Thursday, July 14, 2022

"Together is Timeless"


     A writer trusts his gut. She listens to her in-the-moment instinct. Use this word but not that one. Jump at that topic while avoiding another. You need a sense of what fits, what doesn't, what's right, what wrong.
     So I'm sitting in the car on Wabash Avenue, just north of Cermak Road, waiting for my younger son to come down so we can go to dinner in Chinatown. And I look across the street and see this billboard for Fannie May candies. And think, "Bleh." Then take a picture to document the marvel, to make sure I'm not hallucinating. To check that this isn't some errant, one-off billboard test.
     It isn't. A big branding campaign, launched last Christmas.
     "Together is Timeless."
     Tell me I'm wrong. Tell me I'm overreacting by even remarking upon its meh-ness. I'm not their target audience. To me, Fannie May candy is barely worth eating, like Hershey's milk chocolate. A palpable substitute for actual candy if nothing better is at hand. A form of pica, only using confectionary instead of plaster of paris.
     I tried to think of how to illustrate its wrongness, and the first phrase I thought of is Sartre's "Hell is other people." The problem must be the word "timeless." It's not an adjective that evokes anything, especially not chocolate. The slogan is close in meaning to "Together is an Eternity," which doesn't sound like a situation you want to enter willingly. "Timeless" is such a tired bit of boosterism. "This heirloom plate from the Franklin Mint will become a timeless treasure your family will cherish for generations..."
     I wondered what Fannie May, based in Chicago, thought it was doing, and am glad that Candy & Snack Today did the heavy lifting for me, reaching out to Ferraro Group's Fannie May Confection Brands Inc.
     “Together Is Timeless showcases how Fannie May takes classic ingredients like caramel, pecans, grahams, marshmallows and chocolate, and brings them together to create something greater than the sum of their parts. Just like the memories that are made while celebrating with loved ones,” Kari Fisch, senior brand manager at Fannie May told the publication. “We are very excited to unveil our new campaign and look forward to becoming a staple of family celebrations nationwide for decades to come.”
     They pay people for that. (And what's a "graham"? Perhaps the word you use when you can't call an ingredient a "graham cracker" for legal reasons. Did you ever in your life say, "I'd like a graham"? Me neither). 
     We are in such a blizzard of communication, a 24-hour wordstorm as big as the Crab Nebula. So if you are going to coin a phrase, buy billboards, you jolly well...
     Enough.

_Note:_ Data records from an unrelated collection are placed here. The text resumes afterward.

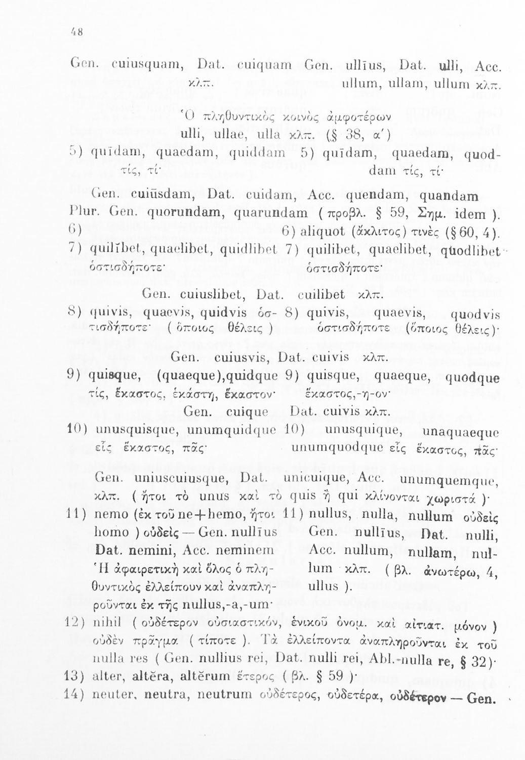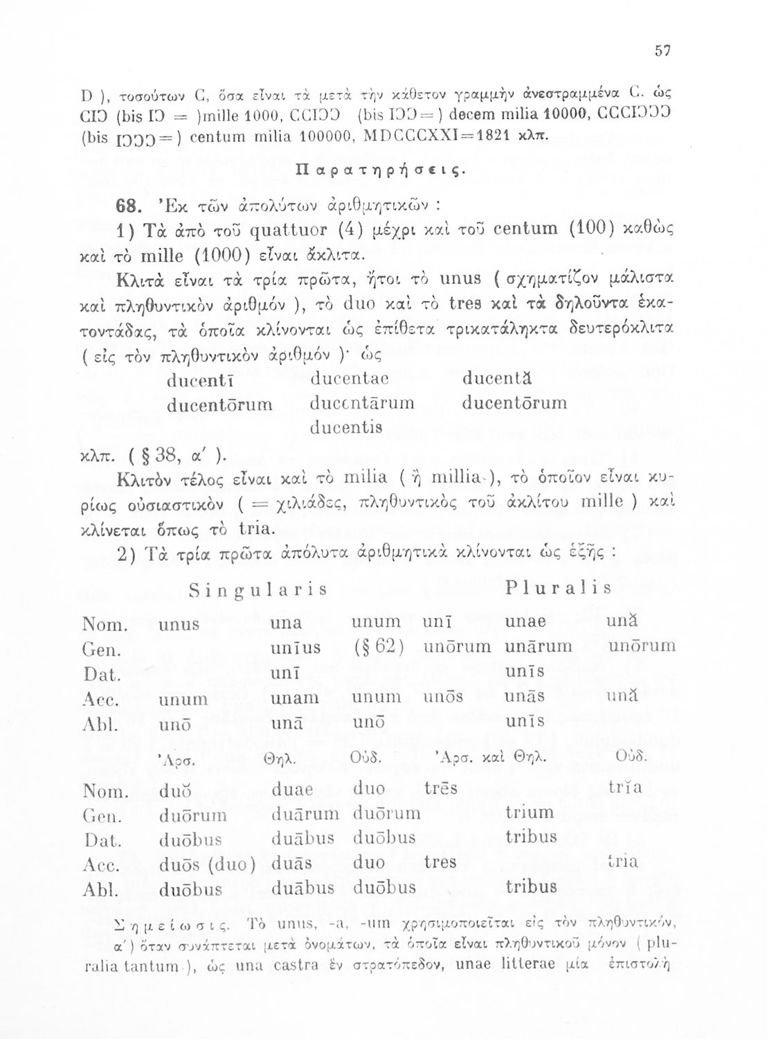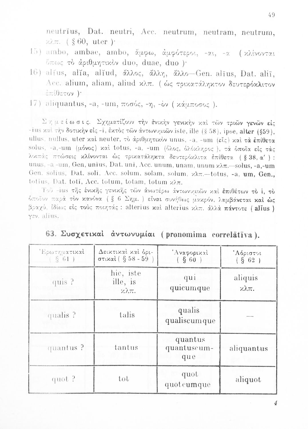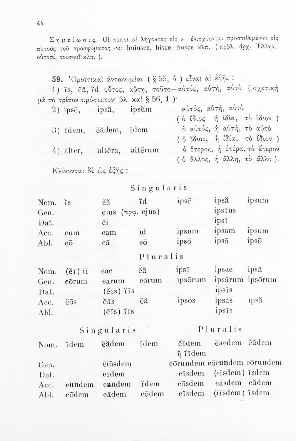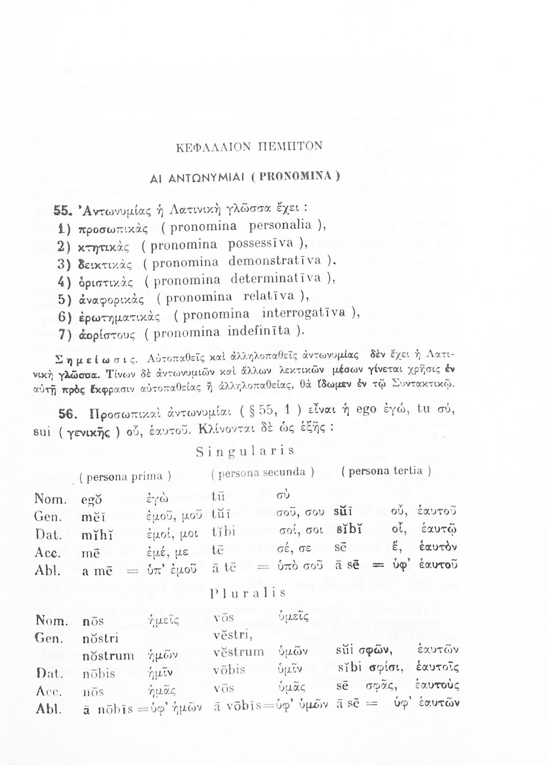 Σχολικό εγχειρίδιο Λατινικών Δ΄, Ε΄ και ΣΤ΄ Γυμνασίου που περιλαμβάνει γραμματική και συντακτικό και είναι χωρισμένο σε φθογγολογικό, τυπολογικό και ετυμολογικό μέρος. Φέρει το σύμβολο της δικτατορίας.
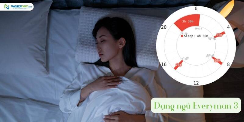 Biến thể 3 trong phương pháp ngủ everyman giảm thời gian xuống còn khoảng 4 giờ hoặc 4 giờ 30 phút. Trong đó sẽ có 1 giấc ngủ chính và 3 giấc ngủ ngắn. Giấc ngủ chính bắt đầu vào khoảng 9 giờ tối, 2 giấc ngủ ngắn bắt đầu lần lượt vào lúc 4 giờ sáng và sau khi mặt trời mọc. Một giấc ngủ ngắn cuối cùng sẽ xảy ra vào khoảng 2 giờ 20 phút tối. Phương pháp ngủ ở giai đoạn này có mức tương đối khó, vì vậy các bạn cần phải kiên nhẫn để đạt được.
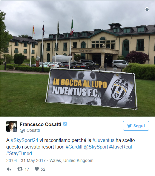 尤文图斯将在周五上午到达加的夫,并从机场直接前往酒店。也许是为了避免受到外界的干扰,这次球队选择的酒店距离球场很远,大约有20公里。与此同时,俱乐部的吉祥物Jay已经提前抵达了加的夫,并发布了自己在街头漫步的视频。

Anyone who gets it understood at first glance, and if they haven't, they never will.
     I'd be reluctant to jump on somebody's brain child — I'm tempted to go into LinkedIn and find someone claiming "Together is Timeless" on their resume — except that not caring is how these things are flung at the public in the first place. Nobody is going to cry into their pillow over this.
     I try not to criticize a headline without coming up with a better one and that holds true for commercial catchphrases. A superior slogan can be concocted in the time it takes me to type the words. "Together is Timeless." Hmmm... Drop the "Timeless" as pejorative, keep "Together" as something that sounds halfway appealing. Remembering this is candy. How about "Sweeter Together?" Maybe they tried that and "sweet" didn't test well: implies calories. "Savor Together," with an echo of "Safer Together" which is on everybody's mind nowadays. Or "Choose Together" since Fannie May are famous for their big assortments where you pick the ones you can best stomach. No, abortion rights killed off the concept of choice, at least for timorous marketers. 
     I'd stick with my first idea, "Sweeter Together." It's candy. It's supposed to be a little sweet or, in the case of Fannie May, way too sweet. If you're going to take Vienna, take Vienna. If you're a candy company, be sweet, or "Together is Sweetness."




14 comments:

  1. I won’t attempt to defend the billboard, but I’m not afraid to state that I like Fannie May Candy. “Way too sweet” is in the eye (mouth?) of the beholder.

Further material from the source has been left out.